I came across these few images today, produced by Mind, a UK mental health charity. They’re aimed specifically for people with bpd (the images, not the charity). It may be the frame of mind I’m in right now, ie, cranky as FUCK, but they didn’t strike me as particularly helpful in any kind of real world scenario. Before I rant any further, take a look at them and see what you think:

On my average day, I get very little time alone. I’m either with my kids, or at work, or with my husband. Anything can trigger me, at any time. Today was a case in point, my kids pushed every possible button and then some. I was frustrated as hell, and badly needed to find a way to calm myself down. But flick back up to the first image……………..how are any of them helpful when two small people are slamming various doors and shouting at me? I can’t exactly bring them along for the paper ripping, pillow punching, ice smashing escapades (that’s assuming I was calm enough to think of these strategies in the first place, which, if I was, would mean I didn’t need them!!!) How is that modelling good coping strategies? Or is it? I get that they would work, kind of, but I also think that anything so aggressive might fuel the anger further before calming it down.
I’m not going to go through each list but you get where I’m going. These are all helpful strategies, yes, but in an ideal world where one can just take a step back to engage them. How many of us can do that? Wrap up in a blanket and watch my favourite tv show??? I cannot begin to describe how much I would love to do that, but it’s not realistic. If I were to take a shower every time I got mad our lovely new water bill would rapidly hit second mortgage levels. Counting to ten just plain doesn’t work. I tried, multiple times today. I tried deep breathing. I tried rationalising what I was thinking. I tried taking a step back and asking the kids to leave me be for just 5 minutes. I got 30 seconds. 
I’m sorry, rant over. I think. It’s been a long, tedious, angst ridden day. I don’t want helpful, well meaning advice. I want a means of coping, long term. Oh yeah, that would be dbt, wouldn’t it? Except there’s the small matter of that pesky 8 month wait. So till then? I guess I’d better stock up on ice cubes. 
I’m still cranky.

This article has 4 Comments

  1. These suggestions are right from DBT. I have the same issues as you are mentioning….fortunately they (DBT)have a super long list of things to do in difficult situations so it is possible to find a few that you can use without having members of your family (any age) look at you sideways. For me, if I can at least first remember to breath, then there is a good chance I can move on to a second option. Usually wind up sweeping or cleaning, or cooking/baking. There are more…but at different times of the day some are more possible than others. 🙂 Colleen

    1. Thanks Colleen 🙂 It’s definitely about taking back some sort of control, isn’t it? Any time things get really bad for me I paint a room in the house. A little extreme I know but the rhythm of it takes me out of myself. Bonus is that the house looks better!
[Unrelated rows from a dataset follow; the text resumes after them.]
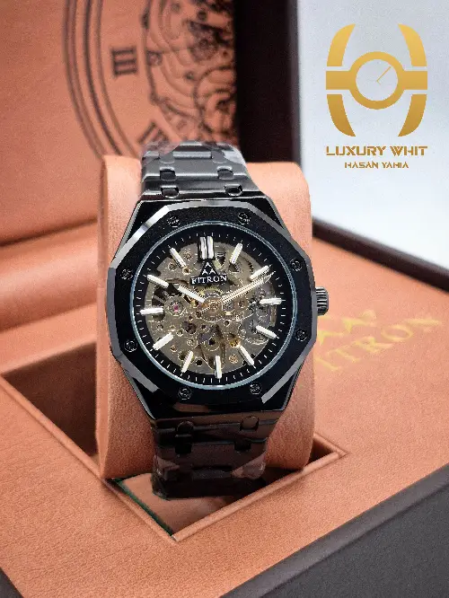 FITRON AUTOMATIC HIGH-QUALITY SIZE 40mm ساعة شبابية من فيترون كامل الساعة ستانلس ستيل الحركة اوتوماتيك ربط الماكينة ظاهرة من الخلف والامام مقاس 40mm شعار الماركة على مفتاح الساعه قفل ستانلس ستيل مختوم بأسم الماركة جودة عالية بوكس جلد كبير من الشركة
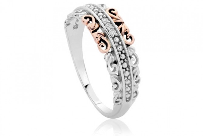 Am Byth® is forever at the heart of Clogau. With its elegant Tree of Life® filigree and rare Welsh gold, this timeless collection of signature pieces is the ultimate way to profess your endless love. The silver and rose gold ring is set with 3 diamonds & contain rare Welsh gold.
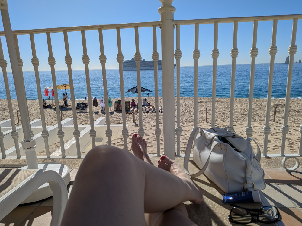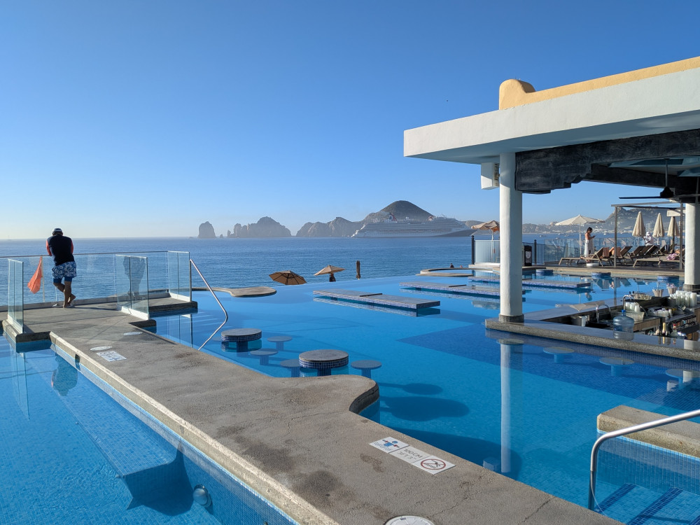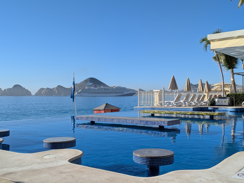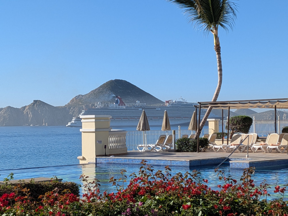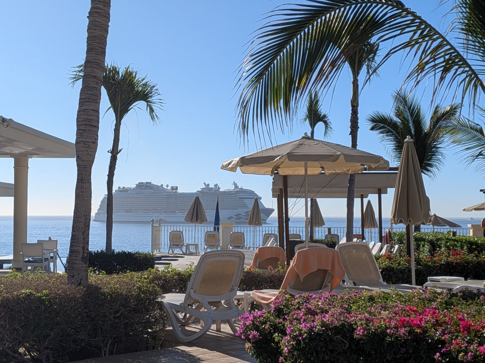 早上起来海上还有雾气,海湾里停着公主号和嘉年华邮轮。目测美西的邮轮航线,Los Cabos是邮轮主要访问地点。Riu Palace修得高大上,很有殖民地时代的风格。但墨西哥的贫富分化令人发指。从酒店去机场路上,看见路边很多当地人住的房子,是拿几块木板和塑料布拼起来的,四面透风,窗户就是几个大洞。很多人的家是倚靠着一棵仙人掌盖的,大概有仙人掌当墙会稳当,不至于被风刮倒。全包酒店的服务员的工资在$300-500一个月。但住一天酒店的费用,也是这么多。周围还有一天1千+的酒店。小红书上大部分中国人推荐去的也是6-8百一天的。
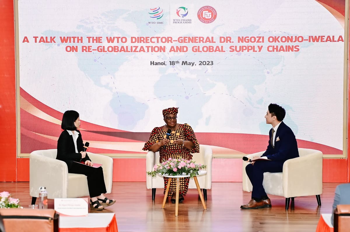 Within the program’s framework, a discussion took place with the intriguing theme of “Re-globalization and Global Supply Chains.” The conversation featured insights from Dr. Ngozi Okonjo-Iweala, the WTO Director-General, and Assoc.Prof.Dr. Trinh Thi Thu Huong, Vice Dean of the Schoolof Economics and International Business who also serves as the Director of the WTO Chair Program at Foreign Trade University. The topic of the discussion holds particular relevance in a world transitioning from globalization to re-globalization, as it grapples with challenges like inequality, climate change, and health crises. During this transition, companies are increasingly decentralizing production to safeguard against supply chain disruptions.
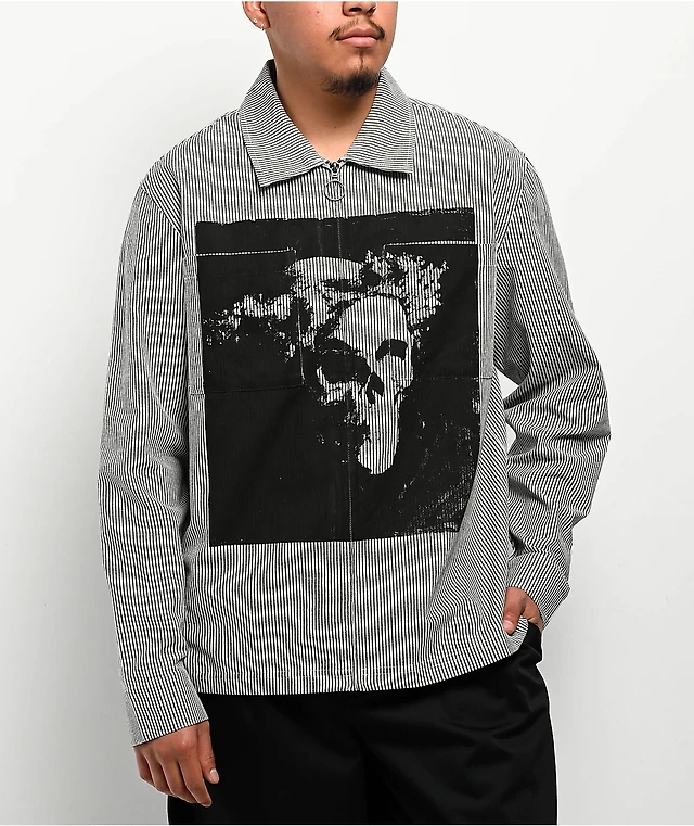 Welcome Dimension White & Blue Long Sleeve Zip Shirt
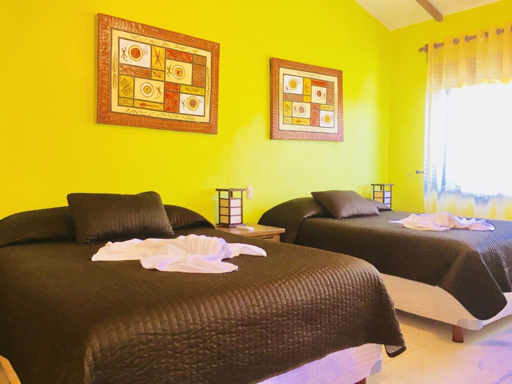 Dolce Vita Caribe Bed & Breakfast is located in Playacar Phase 2, only 500 meters from the beach. With 2 floors, 4 bedrooms and enough capacity to accommodate up to 10 guests, this is the perfect vacation retreat for you are looking for. Decorated in warm colors, it has been equipped with everything you need to enjoy a quiet holiday. The ground floor has a cozy living/dining room. All The bedrooms, has king-size bed , a balcony is available in the Deluxe Room. All equipped with air conditioning, hair dryer, WiFi, cable TV. Some offer a minibar, and ceiling fan. A further provision, a big swimming pool, garden park and bicycle hire.
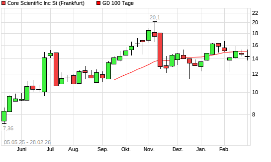 Mit dem Rücksetzer auf 14,25 EUR hat die Core Scientific St-Aktie am 27.02.2026 die 100-Tage-Linie nach unten gekreuzt.
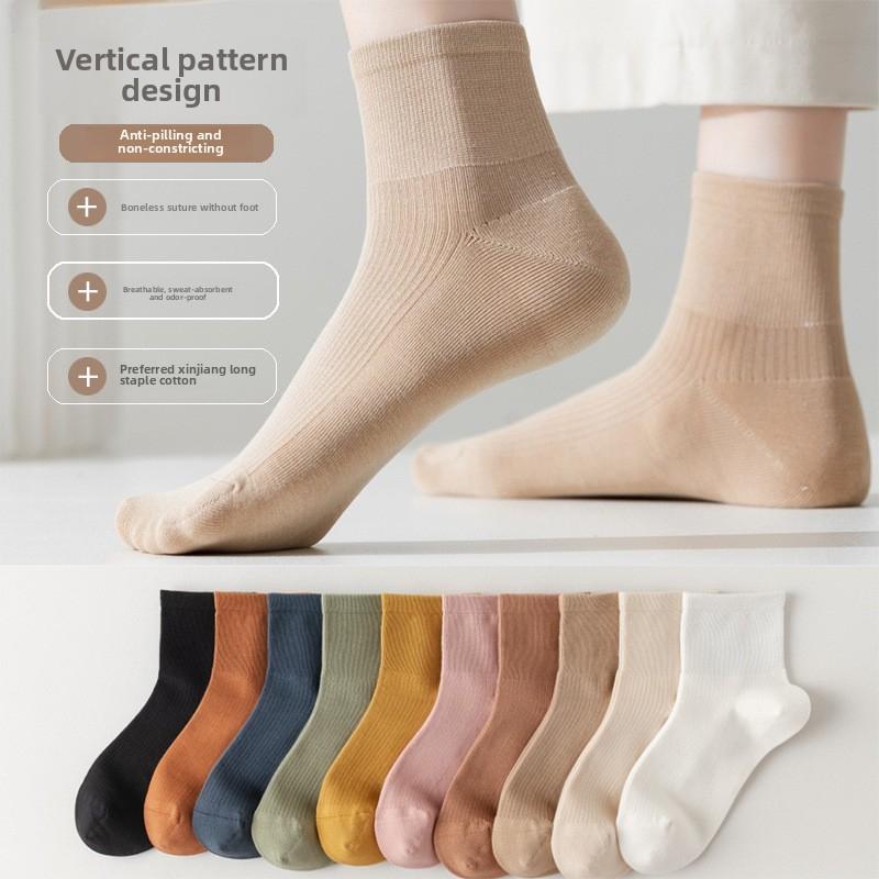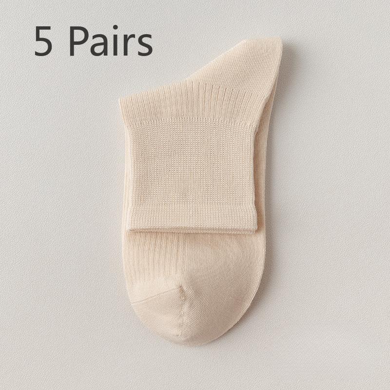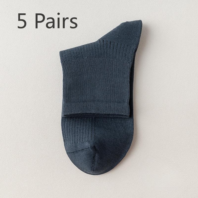5 пар хлопковых носков до середины икры на весну, лето и осень. Антибактериальные носки из чесаного хлопка с защитой от запаха. Удобные носки из хлопка без косточек.

  2. I understand your frustration. With severe PND, the standard advice for self-care (plenty of sleep, regular exercise, balanced meals) drove me crazy. How, exactly, does a breastfeeding mother of a newborn manage any of those things?

    1. I used to get that with the kids, drove me absolutely demented. That and ‘sleep when baby sleeps’. Both my kids had chronic reflux and never slept!!!!!! I get that people mean well but it’s profoundly unhelpful advice.